For this demonstration, we will save our information to an XML file. To do this we need to configure our EcoSpace to use the PersistenceMapperXml component. Double-click on the EcoSpace.pas file in the Project Manager, and switch to the Design view. Drag a PersistenceMapperXml component from the Tool Palette, and set the FileName property to Data.xml.

We also need to tell the EcoSpace which UML packages are associated with it. ECO uses Reflection to find available UML packages to use, so before we can do this we need to compile our application. Additionally, because we haven't referenced the TEcoSpace class, there will be no meta-data emitted for it in the executable at this stage. Therefore, when ECO is attempting to locate all valid UML packages, it won't find the one we have just created. In order to overcome this, we will use the the RuntimeRequiredAttribute to tell the compiler to emit meta-data for our TEcoSpace class even though it hasn't been referenced elsewhere yet. Switch to the Code view for our EcoSpace, and insert the following code directly before the implementation section :-

[assembly: RuntimeRequiredAttribute(typeof(TEcoSpace))]

We can now successfully select the UML package and associate it with our EcoSpace. Compile the application, and switch to the EcoSpace Design view. Right-click the EcoSpace designer, and select Select Packages from the context menu. Select CoreClassesUnit.CoreClasses in the Available UML Packages list, click the > button to move it to the Selected UML Packages list, and click the OK button. Hide image

    Creating the VCL.NET User Interface

Now that we've created our ECO model and configured the EcoSpace, it's time to design our VCL.NET user interface. We will show the instances of our Contact class in a TListView, and provide a form to be shown as a modal dialog for adding new Contact instances, or editing existing ones. We will also provide the ability to delete existing Contacts.

    Showing a Contact List

The first step is to add and configure a TListView to our main form, which will be used to show all the Contact instances in the EcoSpace.
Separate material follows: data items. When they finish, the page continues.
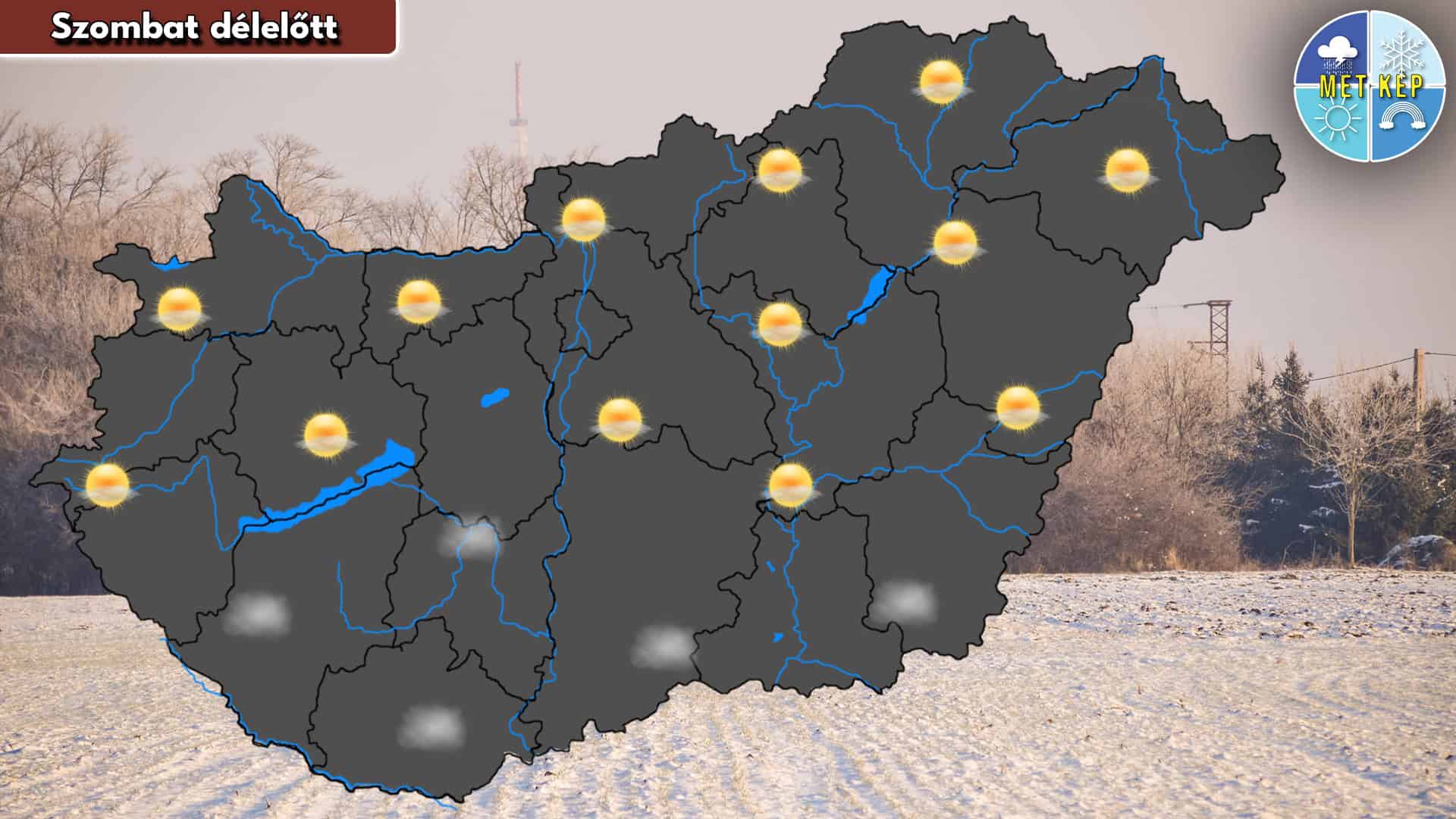 A reggeli és a kora délelőtti órákban az ország nagy részén derült, gyengén felhős idő várható. A déli, délnyugati tájakon pára és ködfoltok is megjelenhetnek, helyenként zúzmarás köd is kialakulhat. A délutáni órákra a köd csak lassan oszlik fel. Délen és északkeleten közepesen, helyenként erősen felhős lehet az ég. Napközben általában mérsékelt lesz a légmozgás. A legmagasabb hőmérséklet -2 és +4 fok között alakulhat.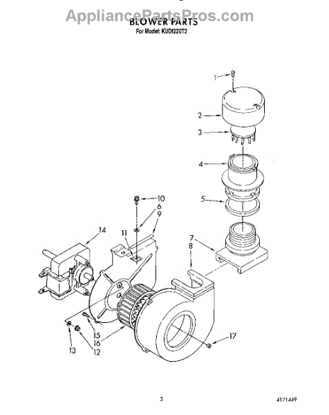 Parts for Kitchenaid KUDI220T2: 03 - Blower Parts
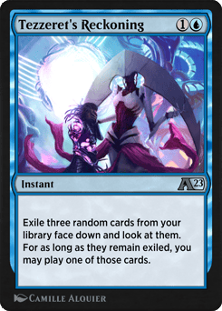 Exile three random cards from your library face down and look at them. For as long as they remain exiled, you may play one of those cards.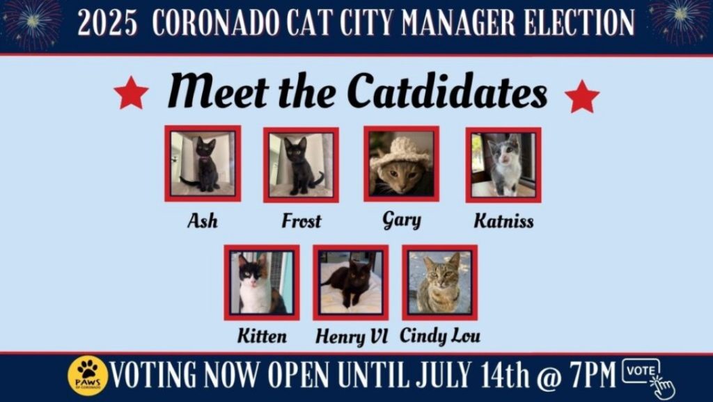 PAWS of Coronado is thrilled to announce voting for the next Cat City Manager, featuring seven charming CATdidates. This whimsical election fosters community spirit and celebrates the bond between residents and their cats, as excitement builds for the new Cat City Manager to lead PAWS of Coronado.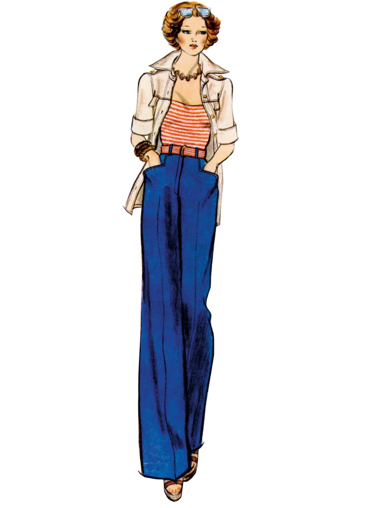 Vintage Vogue Patterns circa 1975. Semi-fitted, partially lined jacket has pointed collar on shaped band, epaulets with carriers and button trim. Front and back yokes, patch pockets with flaps, side slits, short sleeves with turn back cuffs or full-length sleeves pleated into buttoned band cuffs. Front-buttoned simulated band closing and topstitching. Wide, straight-legged trousers, darted into waistband with belt carriers, have western pockets, mock fly front closing and topstitching. Shown with purchased tops and belt. Sew Ratimg: Average.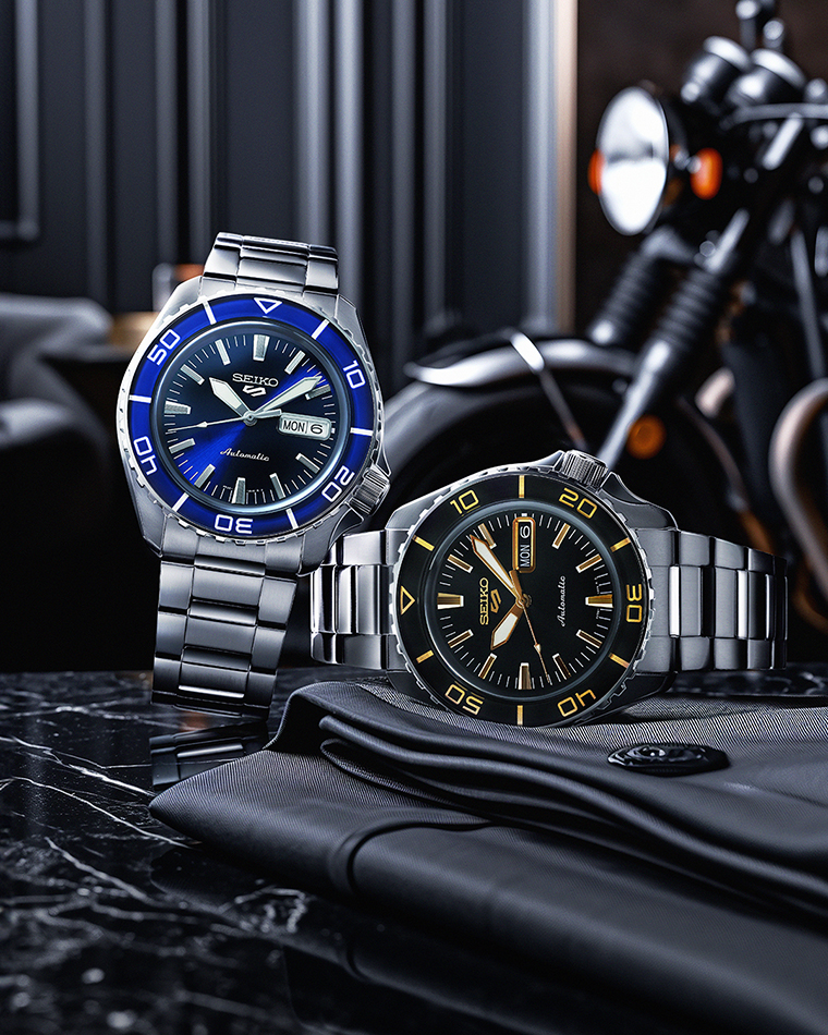 Seiko 5 Sports SKX Series: รหัส SRPK97K และ SRPK99K มาพร้อมระบบกลไลอัตโนมัติคาลิเบอร์ 4R36 ที่สามารถสำรองพลังงานได้นานถึง 41 ชม. ขอบหน้าปัดสามารถหมุนได้ทิศทางเดียว มาพร้อมชุดเข็มและหลักชั่วโมงเคลือบสารเรืองแสงลูมิไบร์ท หน้าต่างแสดงวันประจำสัปดาห์และวันที่ ที่ตำแหน่ง 3 นาฬิกา และตำแหน่งเม็ดมะยมที่ 4 นาฬิกา บนขนาดหน้าปัด 42.5 มม. และประสิทธิภาพการกันน้ำเทียบเท่า 100 เมตร (10 บาร์) สนนราคาเรือนละ 17,000 บาท พร้อมวางจำหน่ายอย่างเป็นทางการ วันที่ 1 มิถุนายน 2024 ช่องทางเว็บไซน์หลัก www.seikoboutiquethailand.com หรือสามารถเลือกชมสินค้าจริงได้ที่ ไซโก บูติก เซ็นทรัลแกรนด์ พระราม9 เคาน์เตอร์ไซโก ณ ห้างสรรพสินค้าชั้นนำ และตัวแทนจำหน่ายอย่างเป็นทางการทั่วประเทศ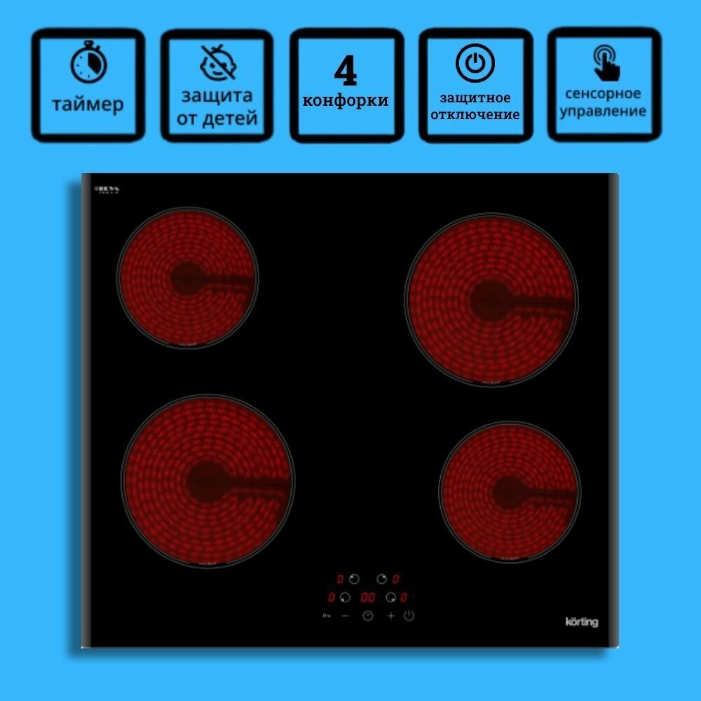 Электрическая варочная поверхность Korting HK 60003 B- представлен в элегантном черном дизайне с 4 конфорками. Независимо установленный прибор работает на 6 кВт при подключении с помощью 5-жильного кабеля.

Double-click on the Main_Form.pas file in the Project Manager, and switch to the Design view. Drag a TListView control from the Tool Palette, and set the Name property to lvContacts, ViewStyle to vsReport, ReadOnly to True, and RowSelect to True. Click the ellipsis button next to the Columns property to invoke the Columns editor, and add columns for each attribute in our Contact class.

Drop on a TButton from the Tool Palette, and set the Name property to btnAdd, and the Caption property to &Add. Repeat the process to add Edit, Delete and Save buttons, changing the Name and Caption properties as appropriate. Below is a design-time representation of this form.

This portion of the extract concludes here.